Although I think the only thing in black mirror I would want tens of billions of dollars spent guarding against would be swarms of killer bee-bots from Season 3 Episode 6, but I could be forgetting other cases.

> 1% AGI is impossible.

Not sure I follow. Like, you could believe there's an 80% chance AGI is impossible, but believe that in the 20% of worlds with AGI, 5% cause human extinction.

Do you mean you think there's <1% chance that AGI is possible?

probably more like > 15-20% AGI is impossible. I have never seen a compelling argument that it is possible, very similar to how I have never heard a compelling argument for god. The novelty/impressiveness of ChatGPT and the others has in fact diminished since their release, even just the last 8 months or whatever, not gotten stronger.
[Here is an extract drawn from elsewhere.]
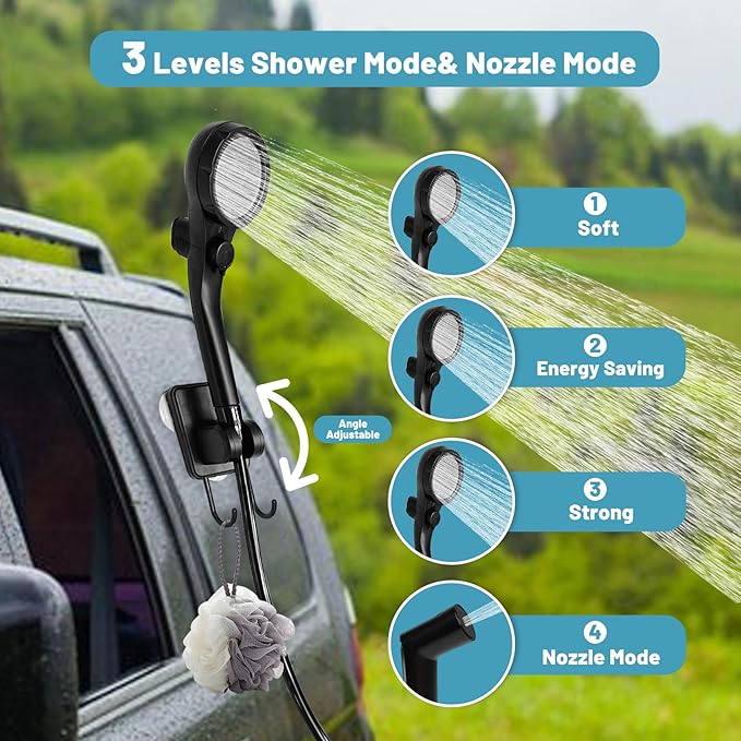 - 【Multi-Mode Shower】The portable shower head has three practical water dispensing settings, can easily switch between the different modes by rotating the handle of the shower head. Benefit from the adjustability of sliding bracket that shower head can be adjusted up and down for wider flow range. Bonus hook lets you hang it securely tree branch or tent stand. The included suction cups can secure the shower head to any smooth flat surface.

@Joshua Sure. What I am saying is talking about extinction is a huge mistake because it presumes AGI is possible , it takes it as a given. I am saying that is a mistake.

@BTE Want to bet on whether AGI is developed, maybe this century? I think it's very likely it will be.

What I am saying is talking about extinction is a huge mistake because it presumes AGI is possible , it takes it as a given. I am saying that is a mistake.

Completely disagree with this rationale. To make things clearer, I'm going to talk about a hypothetical that isn't AGI - I dunno, let's say we're debating extinction due to aliens.

I can very well believe that aliens existing is impossible with 10% probability (I don't, this is a hypothetical) while also believing that extinction due to aliens is 10% probable. Those two add up to 20% which is less than 100% - so it's logically sound.

If you believe it's only 15-20% impossible, that should only reduce your extinction risk estimate by about 15-20%.

@BTE Impossible in what way? Like literally against the laws of physics? I don't see any reason why that would be the case.

@SemioticRivalry it might be against the laws of physics, but I was more thinking of it being unattainable because it’s against the practical resource constraints of humanity, especially if it requires making very difficult trade offs.